Table 1 lists the variables collected as potential controls in the regression analysis, the variable definitions, and the source for each variable. We collected all data for each state annually, aside from the income inequality and urbanicity data, which were only available for 1999 and 2000, respectively.
Sensitivity Analyses
We tested the robustness of our findings with various sensitivity tests. First, the FS/S proxy measure of firearm ownership rate was substituted as the independent variable of interest in a Poisson regression. Second, homicide rates were calculated as the number of LEO homicides per 1 000 000 state population, rather than per LEO-years. Third, although firearms were used in more than 90% of LEO homicides, we examined the association of state firearm ownership rates and firearm homicides of LEOs. These analyses were all cross sectional across the entire study period.
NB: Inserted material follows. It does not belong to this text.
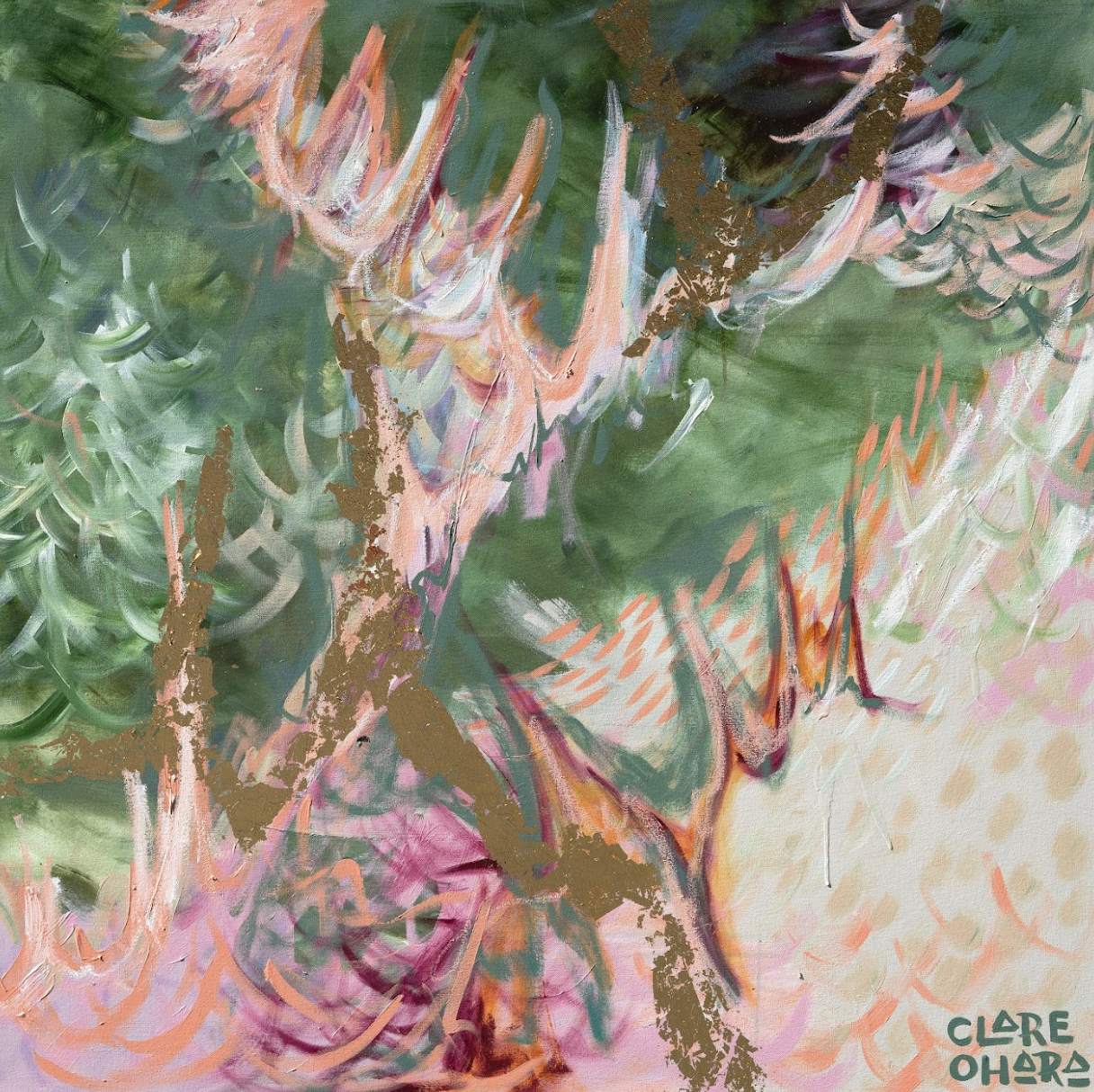 This particular painting was inspired colourways from sunsets in Glenrock State Conservation Area, a beautiful place local to me. It’s a very lush bushland which leads to the ocean. Sunset is a special time there as you have the deep greens of the bush mixing with the fairy floss skies over the ocean.

Because a cross-sectional analysis presents a lower level of evidence, we conducted a time-series sensitivity analysis by dividing the study period into three 5-year time blocks: 1996 to 2000, 2001 to 2005, and 2006 to 2010. These 5-year divisions in a time-series analysis allowed us to draw stronger conclusions concerning the relationship between firearm ownership and LEO homicides without inappropriately increasing the variance of FS/S. This longitudinal analysis also allowed us the chance to observe the relationship between firearm ownership rates and LEO homicides as they changed over time. The longitudinal multilevel Poisson model used fixed effects within states for firearm ownership rates and the selected covariates, as was used in previous analyses of the relationship between firearm ownership rates and general homicide rates.6,38 We averaged each covariate across the respective 5-year blocks.
RESULTS
There were 782 homicides of LEOs over the study period, 716 (92%) of which were committed with firearms. Handguns were used in 515 homicides (72% of firearm homicides, or 66% of all homicides). States averaged more than 15 LEO homicides over the study period, or approximately 1 per year. States averaged 15 861 LEOs employed per year, or 237 915 LEO-years over the whole study period. Per 10 000 LEOs, homicide rates were 0.76 and 0.85 for the entire study period and annually, respectively. Table 2 lists the mean, SD, and range for homicide counts and rates for the entire study period and for each year. California and Texas were the only states to experience at least 1 homicide in every year of the study. The states with the most homicides were California (n = 77), Texas (n = 70), Florida (n = 39), Georgia (n = 36), and North Carolina (n = 33). Iowa, Maine, Vermont, and Wyoming experienced zero homicides of LEOs during the study period. Figure 1 displays states by LEO homicide rate quintile.
TABLE 2—
Counts |
Rate per 10 000 LEOs |
|||
Variables | Mean (SD) | Range | Mean (SD) | Range |
Total study period | ||||
Homicide | 15.1 (15.67) | 0–74 | 0.78 (0.63) | 0–4.3 |
Firearm homicide | 14.0 (14.9) | 0–72 | 0.68 (0.50) | 0–3.0 |
Annual data | ||||
Homicide | 1.0 (1.5) | 0–10 | 0.85 (1.7) | 0–16.6 |
Firearm homicide | 0.9 (1.4) | 0–9 | 0.75 (1.5) | 0–13.9 |
Note. LEO = law enforcement officer.
Firearm Ownership
Using the average of the 2001, 2002, and 2004 BRFSS data as the source of firearm ownership, the mean firearm ownership rate was 38.3% (SD = 14.5%). Average ownership ranged from 4.8% (District of Columbia) to 62.0% (Wyoming). The estimate of mean firearm ownership rates from FS/S for these 3 years was highly correlated with the mean BRFSS estimate (Pearson correlation = 0.861). Figure 2 displays firearm ownership rates from the BRFSS by state quintiles. The state-level Pearson correlation between firearm ownership and violent crime rates was −0.368.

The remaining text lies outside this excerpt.